Hakim Arezki

Personal information
- Born: 20 March 1983 (age 43) Azazga, Algeria

Sport
- Country: France
- Sport: Football 5-a-side
- Club: Précy-Sur-Oise Cécifoot

Medal record
Football 5-a-side
Representing France
Paralympic Games
| Silver medal – second place | 2012 London | Men's team |
| Gold medal – first place | 2024 Paris | Men's team |
European Championships
| Gold medal – first place | 2009 Nantes | Men's team |
| Silver medal – second place | 2013 Loano | Men's team |
| Silver medal – second place | 2019 Rome | Men's team |

= Hakim Arezki =

French football 5-a-side player

Hakim Arezki (kabyle : Ḥakim Aṛezqi), born 20 March 1983, is a French football 5-a-side player who competes in international blind football tournaments, he plays as defender and midfielder. He is a Paralympic Gold medalist and a European champion.

==Disability==

On 27 April 2001, 18 year old Arezki took part in a peace march in his hometown of Azazga following a number of riots in Kabylia in the past month. The demonstrators marched in front of the gendarmerie and the gendarmerie began shooting at the demonstrators, three people were fatally hit including one of Arezki's childhood friends. Arezki ran with the group of demonstrators and was shot in his Achilles tendon and in his temple, if he hadn't turned his head around then he would've been shot in the forehead. He was taken to the hospital in the town and was overwhelmed by the casualties' serious injuries so he was transported to Mustapha-Pasha hospital in Algiers. The riot caused 129 deaths and thousands were wounded including Arezki.

Two days later, 29 April, Arezki was admitted to a Parisian hospital by air ambulance.

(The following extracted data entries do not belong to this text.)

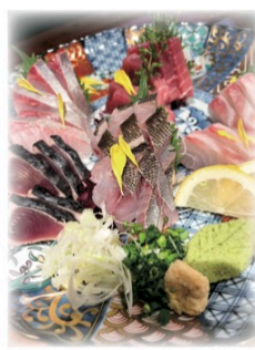
魚の鮮度は 間違いなし
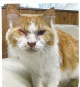
ルーカス 2022年 8/22 卒業
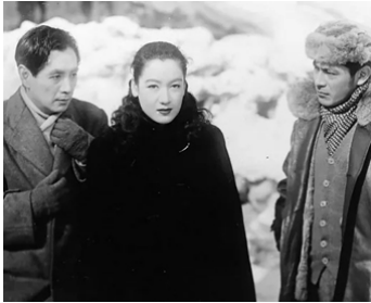
1951 L'IDIOT (Hakuchi) d' Akira Kurosawa avec Masayuki Mori, Toshiro Mifune
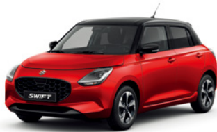
Vermelho Burning Pérola Metalizado / Preto Superior Pérola Metalizado
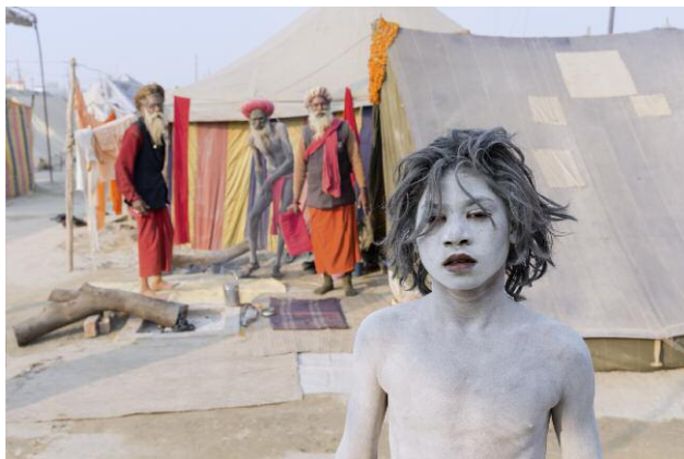
Allahabad, India
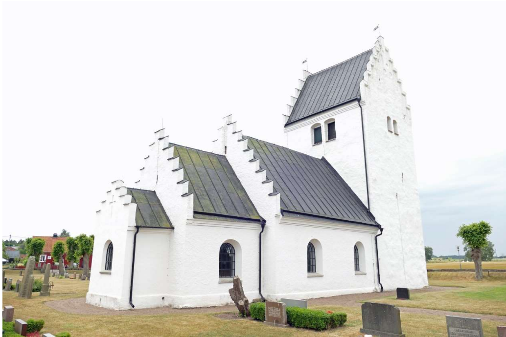
Kyrkans norra sida.

renoverades under 1680-talet. På 1820-talet hade kyrkan även två gallerförsedda fönster åt norr, med två stora lufter nedtill och små upptill. På 1840-talet byggdes sakristian öster om koret.
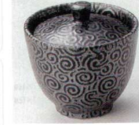
66-39-5B 1,250 円 唐草血上珍味黒釉 10×10入 6.2×6cm
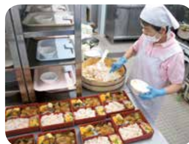
訪問給食サービス
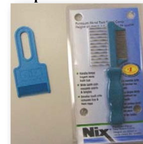
Peignes à poux

Si vous négligez d'enlever ne serait-ce qu'une seule lente, le cycle peut recommencer.
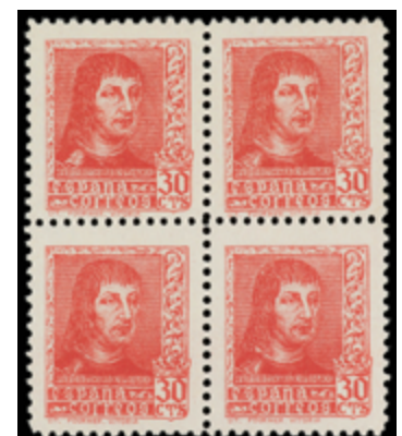
1540 90 €
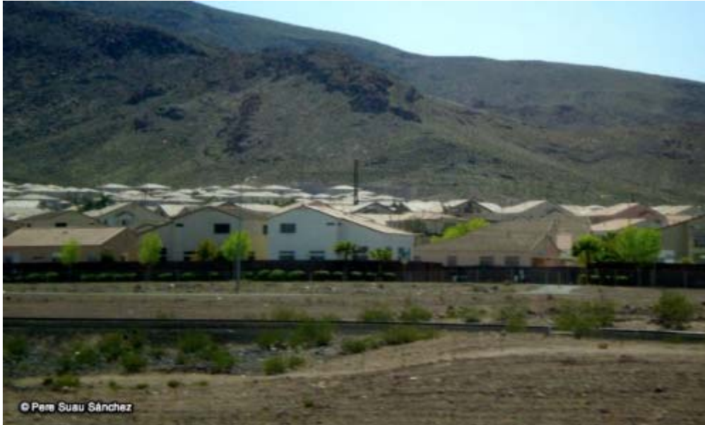
Gated Community a Las Vegas.

Sense voler entrar, encara, a parlar de la seva possible localització, sí que pertoca aquí un breu comentari sobre les implicacions territorials de l'EuroVegas. I és que un complex especialitzat, desconectat de qualsevol trama urbana i amb el vehicle privat com a mode d'accés principal, contradiria de forma clara els " Criteris per al desenvolupament del Programa de planejament territorial " [R] que es recolza en els principis bàsics de la compacitat, la complexitat i la cohesió [6] i que té com a repte redreçar la situació de nombrosos sectors residencials i comercials de baixa densitat. Un EuroVegas aïllat i desconectat en forma i funció de la realitat urbana metropolitana refutaria el mateix Decret llei 1/2009 d'ordenació dels equipaments comercials [S], (modificat en el marc de la Llei Omnibus) fruit de la transposició de la Directiva Europea de Serveis a la normativa comercial catalana, que pretén preservar el model de comerç urbà de proximitat basat en la cohesió social i l'equilibri territorial. Una norma que dictamina que la implantació de noves superfícies comercials es faci sempre dins la trama urbana consolidada dels municipis.
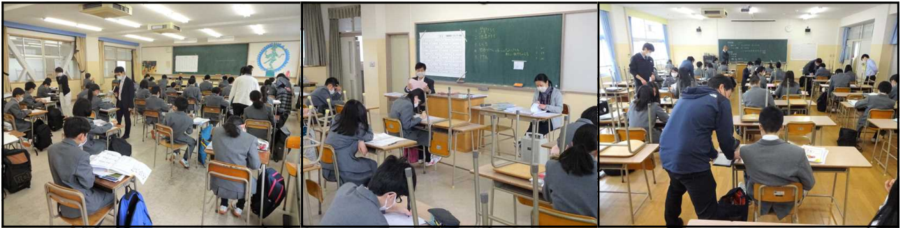
質問教室の様子（左から、1年1組英語、3年1組理・社、5年2組数学）

県立学校は、3月2日から臨時休業に入り、4月6日以降7日間授業日があっただけで、5月8日（金）に至るまでほぼ2か月間、登校禁止の状態が続きました。ご家庭におかれても、お子さんの学習の遅れや心身の健康についてご心配のことと拝察いたします。学校としては、県教育委員会の指導に従いながら、授業再開に向けて可能な限りの対応を取ってまいりたいと考えておりますので、ご理解、ご協力のほど、よろしくをお願いいたします。
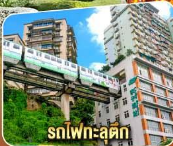
รถไฟเหาะลัดคด

เที่ยวเต็มอิ่มไม่เข้าร้านช้อปปิ้ง! เมนูพิเศษ! เปิดปิกนิก, อาหารรสฉวน
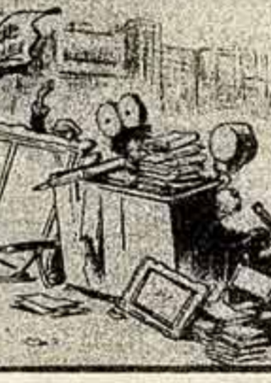
Разгромленный фронт. Художник Ми Гу. Сентябрь 1937 г.

Ник. КРИВЕНКО, спец. корр. «Советской культуры».
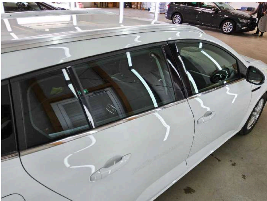
Bild 36 Fahrzeug Fahrzeug aussen Gebrauchsspuren + oberflächliche Kratzer + Steinschlag / -schläge
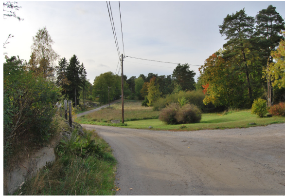
Grusvägarna på Norra Lagnö bidrar är viktiga för områdets karaktär.

Lagnö gård, från vilken villa- och fritidstomter har avstyckats, finns ännu kvar inne vid Lagnöviken. Boiningshus och ekonomibyggnader är huvudsakligen från slutet av 1800-talet. Norra Lagnö gårdsbyggnad, reveterad i grå puts har vid inventeringstillfället renoverats förtjänstfullt. Lagnö byväg har kvar sin ursprungliga sträckning med bostadshus tätt placerade efter den gamla vägen, vilket bidrar till att bykaraktären från omkring sekelskiftet 1900 lever kvar. De öppna markerna som idag hävdas av bete är avgörande för upplevelsen av det ursprungliga norra Lagnö gård.
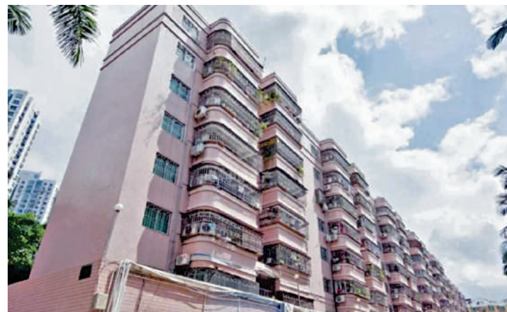
榮超花園由22幢住宅組成。
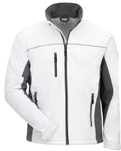
7153 // MOTION TEX LIGHT Code couleur: 1112
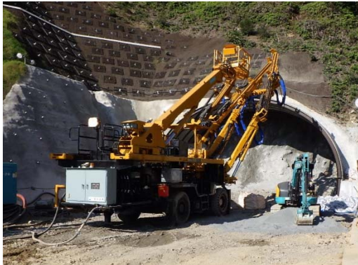
工事現場の状況(古市場トンネル工事)
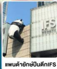
แพนด้ายักษ์ปีนตึกIFS
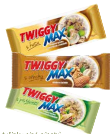
tyčinky plné ořechů
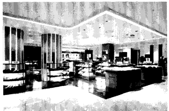
6층 남성 컬렉션

8층 - 전혀 다른 성격의 매장인 아동과 스포츠매장이 함께 있으므로, 각자의 성격과 특성에 따라 고객의 시선을 분리할 수 있도록 조명설계를 특색화했다. 아동매장은 건축요소와 부합하여 유기적인 곡선과 형태를 강조해 부드러우면서도 리드미컬한 느낌을 부각하였고, 스포츠 매장은 적절한 휘도 도입으로 활동적이고 적극적인 분위기를 연출하였다.
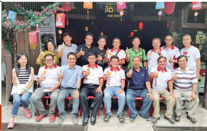
驛站是南向交流團隊舉辦許多活動的基地，兩地客庄的好朋友一起在店屋前合影。

與此同時，原來只在週五、週六下午6點至11點展開的夜市，隨著人潮的湧入活絡了夜市，新堯灣巴剎鄉村發展委員會、新堯灣老街夜市場籌備委員會與新堯灣老街夜市場攤販、商家齊聚一堂開會，決議再增加週日下午4時至11時的開檔時間，老街夜市自此人潮爆滿，店裡每天座無虛席，生意好到忙翻了。
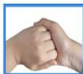
۵- یک دست را با انگشتان دیگر بکشد.
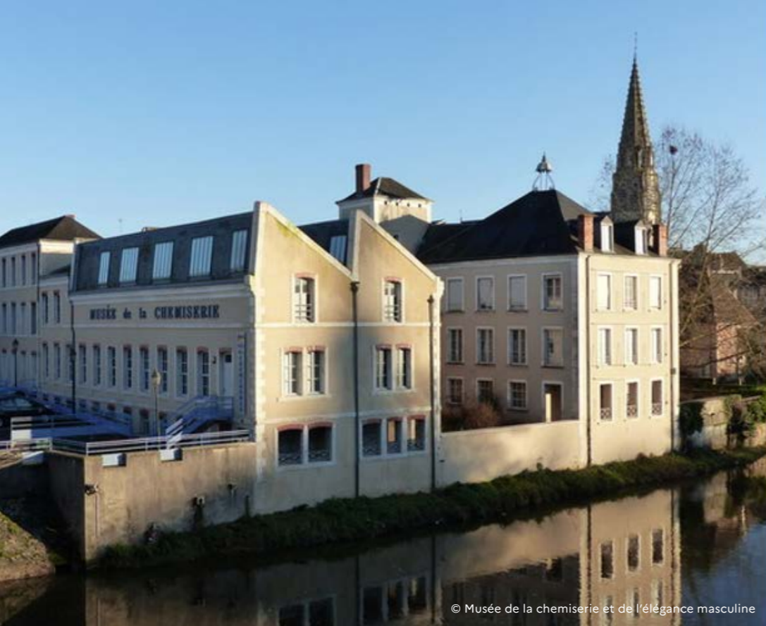
© Musée de la chemiserie et de l'élégance masculine
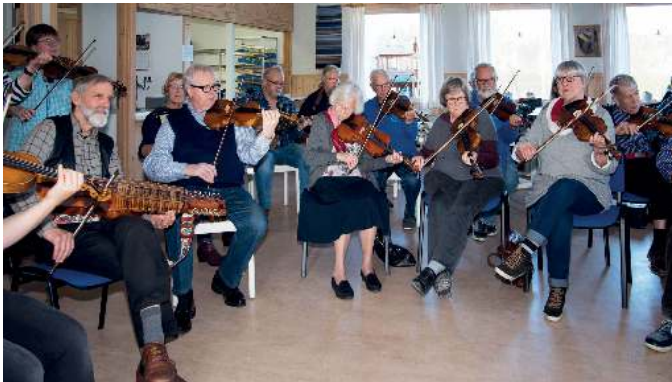
Spelträff i Torpa Bystuga i oktober 2017 Vad kan vi njuta av mera än 42 spelsugna, trevliga och glada spelmän från södra Sverige?

Folkmusiken ger så mycket av livslust och samspel som är svårt att förklara.
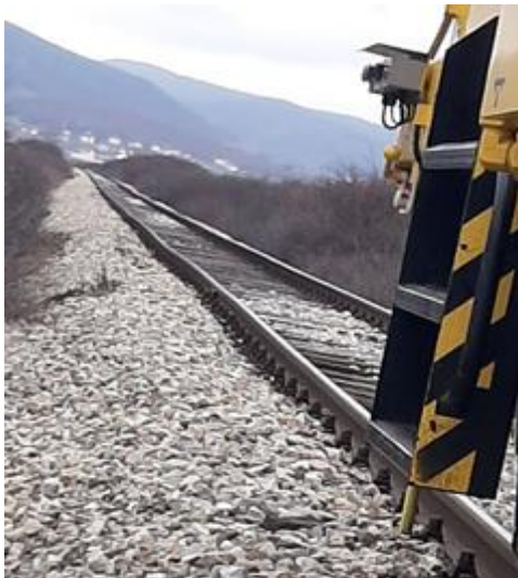
Gjendja para intervenimit

Në fotografitë në vazhdim janë paraqitur gjendja e deformimeve të binarëve dhe gjendja pas intervenimit dhe rehabilitimit të binarit në linjë të hapur.
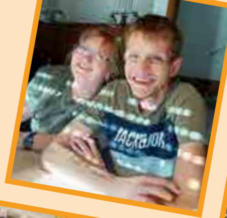
Impressionen aus dem FUD
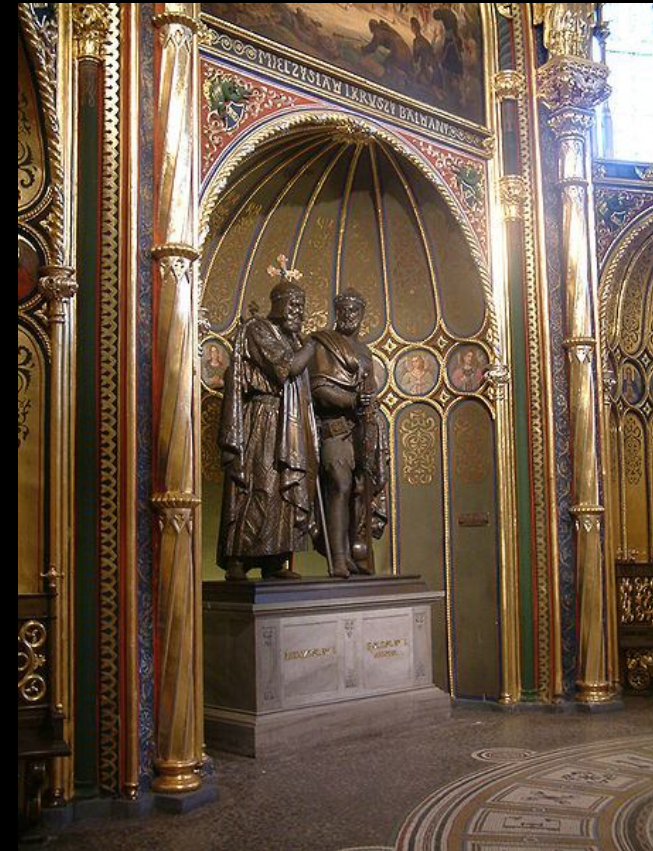
7. Złota Kaplica w Poznaniu – posąg Mieszka I i Bolesława Chrobrego
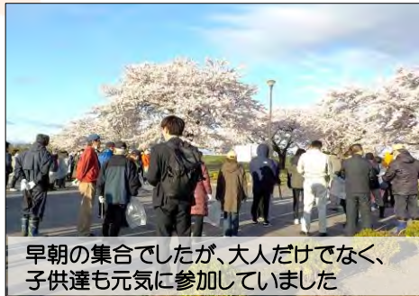
早朝の集会でしたが、大人だけでなく、子供達も元気に参加していました

4月20日(土)、沼館・城下地区の町内会、同地区の金融機関のみなさんが、右岸側JR鉄橋～新大橋下流周辺の約3kmを2班に分かれて清掃活動を行いました。当日は強い風が吹いていたにも関わらずたくさんの方が集まり、およそ1時間の活動で、たくさんのゴミが回収されました。
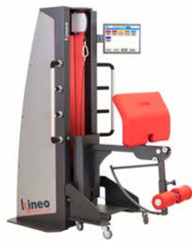
KINEO CURL • LEG CURL
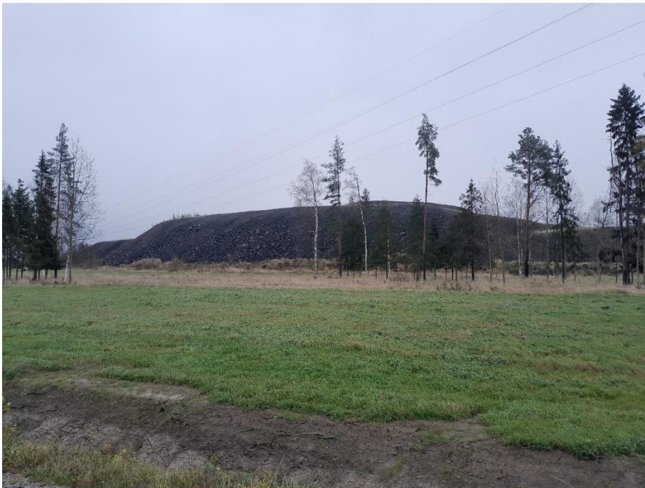
Kuva 11. K7 itään päin, paneelit jäävät maa-aineskasan taakse.
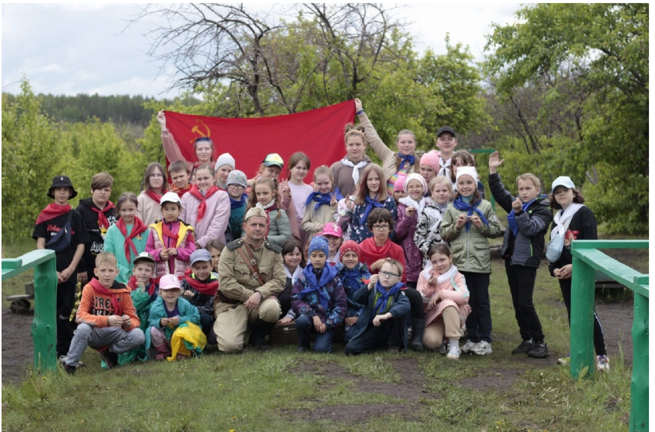
«Зарница» в парке исторической реконструкции «Гардарика»
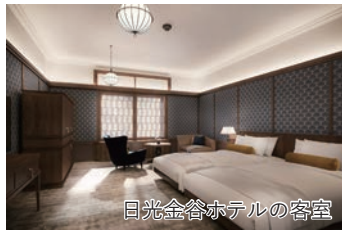
日光金谷ホテルの客室
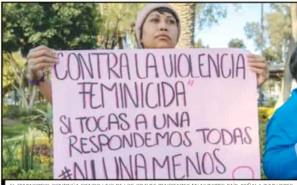
EL FEMINICIDIO CONTINÚA SIENDO UNO DE LOS GRAVES PENDIENTES EN NUESTRO PAÍS, SEÑALA INMUJERES
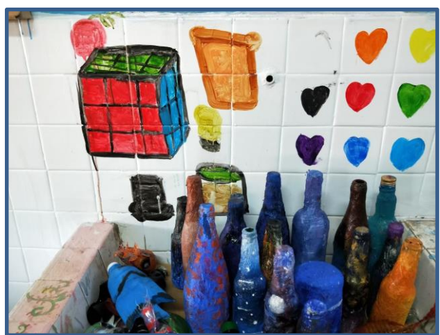
照片說明：酒瓶彩繪
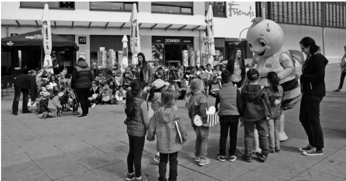
Eine tolle Aktion – Urbacher Kindergartenkinder übergeben dem Gartschau-Maskottchen „Remsi“ ihre selbst bemalten Bienen, die die offiziellen Sympathieträger der Remstal Gartenschau 2019 sind.
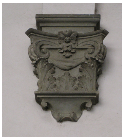
Fig. 29: Anton Francesco Barbi (su disegno di Gherardo Silvani), Peduccio scolpito con il simbolo della Badia a Settimo , 1639 – Firenze, Seminario Maggiore del Cestello, secondo chiostro
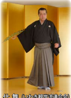
仕舞 (いわき観世流連合会)

〒970-8026 いわき市平字一丁目1番地 ティーワンビル TEL 0246-37-8888 FAX 0246-22-5555 メール info@isgp.jp
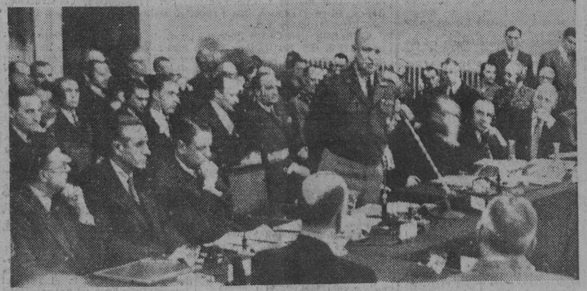
El general Eisenhower, comandante supremo atlántico, habla en Roma, ante dicho Consejo, el pasado día 26, acerca del uso de los elementos atómicos para defender Europa. El general dijo: "Cada uno, incluso los EE. UU., puede hacer más".

El consejo del Pacto de Atlántico reunido en Roma
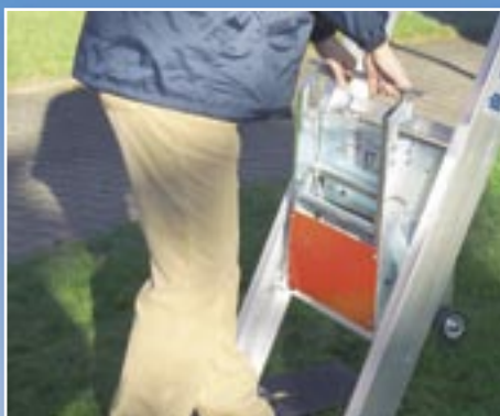
Einhängen des Antriebs von vorne
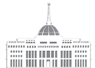
Реформа – өміршең өзгерістер

ды тағамтану және сервис колледжінде шағын наубайхана ашылды. Жоба студенттерді кәсіпке үйретіп, колледждің материалдық-техникалық базасын жақсартуға бағытталмақ.
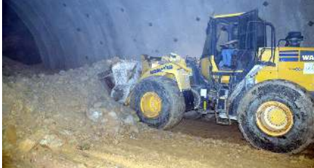
Kırkdilim Tüneli 2023 yılında hizmete açılacak.
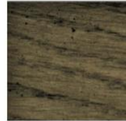
NEGRO TRAPEADO E- 209
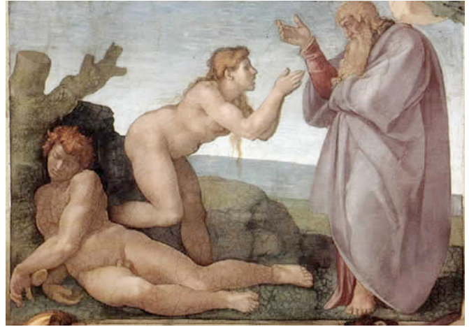
MICHELANGELO Buonarroti Creación de Eva 1509-10 Cappella Sistina, Vaticano

Cuando contemplamos una obra de arte -una catedral, por ejemplo-, nos maravillamos y alabamos el genio de sus autores. Aquella obra de arte es una gloria para los que la construyeron.
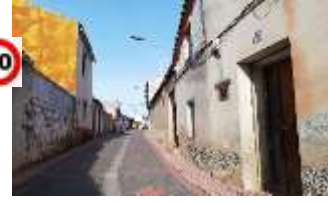
C/ S. JOSÉ
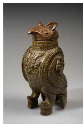
鷓鴣尊 殷後期・前13-12世紀

He was taken into surgery as soon as he arrived, the surgeons took a lot of considerable time to decide whether to amputate his foot but fortunately they managed to save his foot, his second operation was to remove the three bullet fragments in his head but the surgeons discovered that one of the fragments had severed his optic nerve which caused Arezki to have permanent sight loss.

Months later, Arezki joined in a specialised centre for the blind in France where he taught how to read Braille, learned to play piano and guitar, he was also introduced to blind football which gave him passion to play football and he joined several football clubs since 2009 then joined France's national football 5-a-side team in 2010. He participated at the 2012 Summer Paralympics where he won a silver medal, he participated again at the 2020 Summer Paralympics and finished in eighth place. He then competed at the 2024 Summer Paralympics, where he won a gold medal.